### DATA EXTRACT
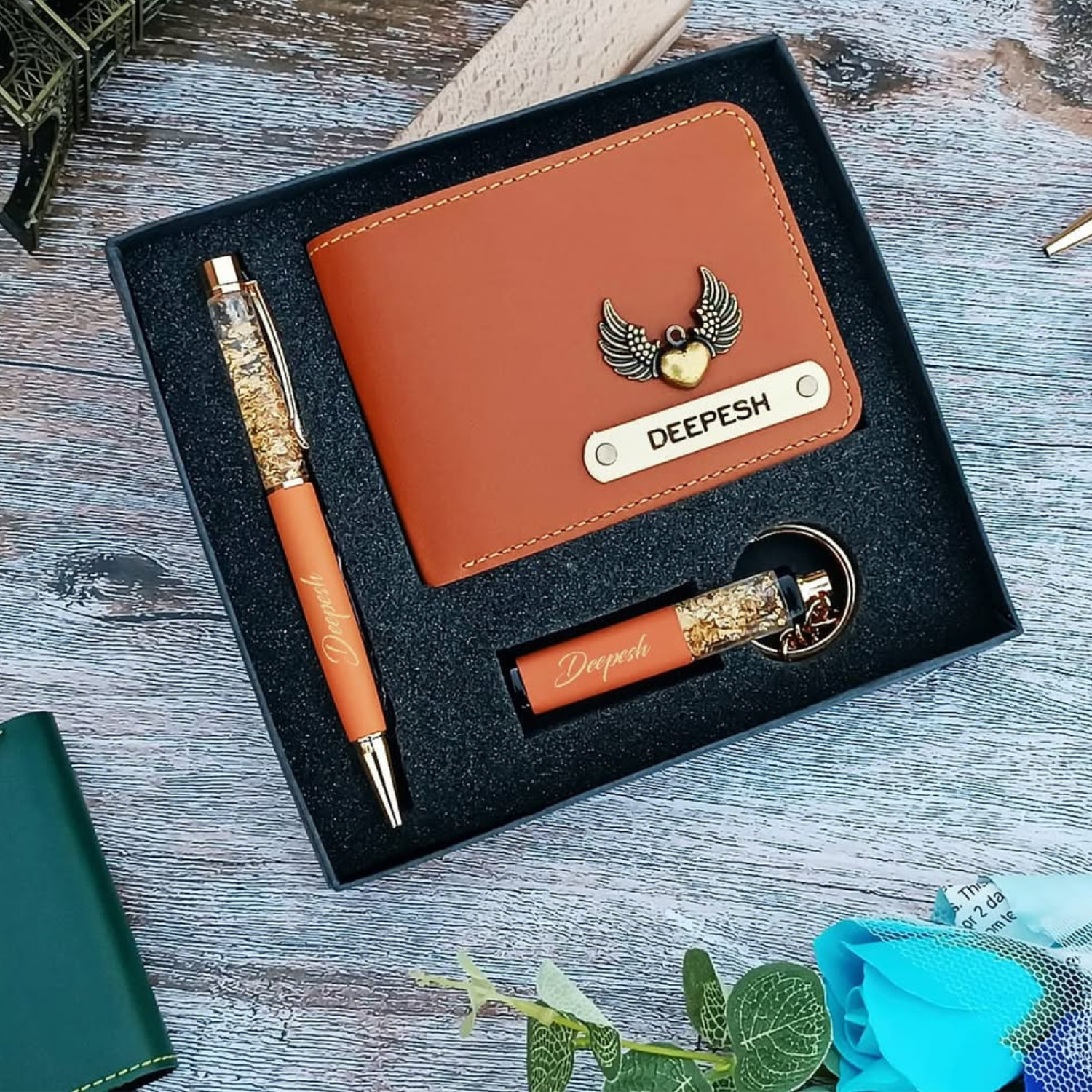 | Material | Faux Leather (Wallet); Metal (Pen & Keychain) |
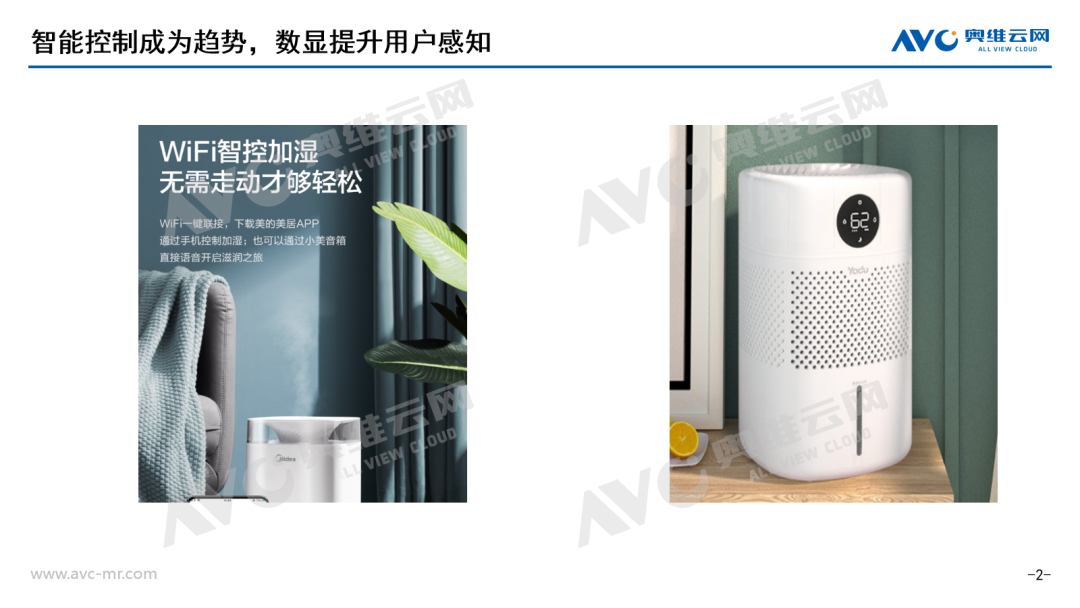 在智能化方面,为提高产品体验,大部分TOP品牌都为自家产品添加了智能恒湿、智能数显功能和智能遥控等功能,可以充分结合自家套系化、场景化的其他产品。在提升使用体验的同时,通过高频交互在消费者心理植入自家品牌的心智,养成使用习惯,充分扩大自身品牌的优势,试想一下,谁能拒绝肉眼可见的湿度提升和“奥维菌,帮我打开加湿器” 呢。奥维云网(AVC)线上监测数据显示,2022年1月加湿器智能数显销额占比40%,同比增长7.9%,2022年1月加湿器智能遥控销额占比29.6%,同比增长5.8%,智能化相关功能的迅速增长也从数据层面证明了这点。
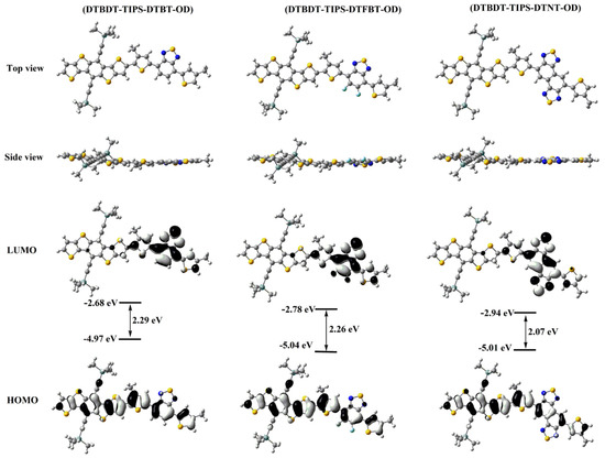 To further inspect the effect of fluorination and replacement of the BT with NT on the molecular backbone conformation and the electron density distributions, the calculations were carried out the using density functional theory (DFT) calculation on the B3LYP/6-31G* basis set, implemented in the Gaussian 09 program suite as in Reference [74]. To save time and cost, the long-branched OD side chain and TIPS groups were substituted by methyl and trimethylsilylethynyl, and the corresponding polymer backbones were simplified into oligomers with one repeating units (unimer), prior to the calculations. As presented in Figure 6, the HOMO orbitals are delocalized across the whole conjugated main chain, whereas, the LUMO orbitals are preferentially concentrated in the corresponding electron-deficient segments. These DFT calculations implied that the effective charge-transfer process would occur between the DTBDT-TIPS and BT/FBT/NT units. Accordingly, the calculated EHOMO, ELUMO, and bandgap were −4.97, −2.68, and 2.29 eV for PDTBDT-TIPS-DTBT-OD; −5.04, −2.78, and 2.26 eV for PDTBDT-TIPS-DTFBT-OD; and −5.01, −2.94, and 2.07 eV for PDTDBT-TIPS-DTNT-OD, respectively. Clearly, the variation trend of the EHOMO was deepened by the fluorination and replacement of the BT with NT, agreeing well with results from the previous CV measurements. Moreover, it has already been demonstrated that good planarity of the polymer backbone is conducive to ensuring closer π–π stacking, which is propitious to internal aggregation, charge transfer, and molecular conjugation to engender a lower band gap [2]. Consequently, the dihedral angles θ1 between the donor DTBDT-TIPS unit and the alkylthiophene bridge, θ2, and θ3, between the alkylthiophene bridge and the acceptor BT/FBT/NT moiety were 21.79°, −7.24°, and −4.10° for the DTBDT-TIPS-DTBT-OD; 22.29°, −1.06°, and −0.17° for the DTBDT-TIPS-DTFBT-OD; and 15.65°, −8.78°, and 2.96° for the DTBDT-TIPS-DTNT-OD, respectively, as shown in Figure S13. The molecular planarity was improved by both the fluorination and replacement of BT with NT, in good accordance with the previous XRD analyses and TD-Abs measurements. Interesting to note that the calculated data were all higher in energy than those from the experimental test, since in the calculation process only the finite unimer and the short side chain were considered in the DFT model to describe the conjugated polymers. Notwithstanding, these theoretical calculation values agreed with the trends observed in the experiment and still disclosed the interrelation amongst the molecular structure, optoelectrical property, and thus the PV performance.

### WHAT THE EXERCISE ASKS
The entire listing above is to be copied exactly, with all pictures omitted.

### ANSWER BELOW
 | Material | Faux Leather (Wallet); Metal (Pen & Keychain) |
 在智能化方面,为提高产品体验,大部分TOP品牌都为自家产品添加了智能恒湿、智能数显功能和智能遥控等功能,可以充分结合自家套系化、场景化的其他产品。在提升使用体验的同时,通过高频交互在消费者心理植入自家品牌的心智,养成使用习惯,充分扩大自身品牌的优势,试想一下,谁能拒绝肉眼可见的湿度提升和“奥维菌,帮我打开加湿器” 呢。奥维云网(AVC)线上监测数据显示,2022年1月加湿器智能数显销额占比40%,同比增长7.9%,2022年1月加湿器智能遥控销额占比29.6%,同比增长5.8%,智能化相关功能的迅速增长也从数据层面证明了这点。
 To further inspect the effect of fluorination and replacement of the BT with NT on the molecular backbone conformation and the electron density distributions, the calculations were carried out the using density functional theory (DFT) calculation on the B3LYP/6-31G* basis set, implemented in the Gaussian 09 program suite as in Reference [74]. To save time and cost, the long-branched OD side chain and TIPS groups were substituted by methyl and trimethylsilylethynyl, and the corresponding polymer backbones were simplified into oligomers with one repeating units (unimer), prior to the calculations. As presented in Figure 6, the HOMO orbitals are delocalized across the whole conjugated main chain, whereas, the LUMO orbitals are preferentially concentrated in the corresponding electron-deficient segments. These DFT calculations implied that the effective charge-transfer process would occur between the DTBDT-TIPS and BT/FBT/NT units. Accordingly, the calculated EHOMO, ELUMO, and bandgap were −4.97, −2.68, and 2.29 eV for PDTBDT-TIPS-DTBT-OD; −5.04, −2.78, and 2.26 eV for PDTBDT-TIPS-DTFBT-OD; and −5.01, −2.94, and 2.07 eV for PDTDBT-TIPS-DTNT-OD, respectively. Clearly, the variation trend of the EHOMO was deepened by the fluorination and replacement of the BT with NT, agreeing well with results from the previous CV measurements. Moreover, it has already been demonstrated that good planarity of the polymer backbone is conducive to ensuring closer π–π stacking, which is propitious to internal aggregation, charge transfer, and molecular conjugation to engender a lower band gap [2]. Consequently, the dihedral angles θ1 between the donor DTBDT-TIPS unit and the alkylthiophene bridge, θ2, and θ3, between the alkylthiophene bridge and the acceptor BT/FBT/NT moiety were 21.79°, −7.24°, and −4.10° for the DTBDT-TIPS-DTBT-OD; 22.29°, −1.06°, and −0.17° for the DTBDT-TIPS-DTFBT-OD; and 15.65°, −8.78°, and 2.96° for the DTBDT-TIPS-DTNT-OD, respectively, as shown in Figure S13. The molecular planarity was improved by both the fluorination and replacement of BT with NT, in good accordance with the previous XRD analyses and TD-Abs measurements. Interesting to note that the calculated data were all higher in energy than those from the experimental test, since in the calculation process only the finite unimer and the short side chain were considered in the DFT model to describe the conjugated polymers. Notwithstanding, these theoretical calculation values agreed with the trends observed in the experiment and still disclosed the interrelation amongst the molecular structure, optoelectrical property, and thus the PV performance.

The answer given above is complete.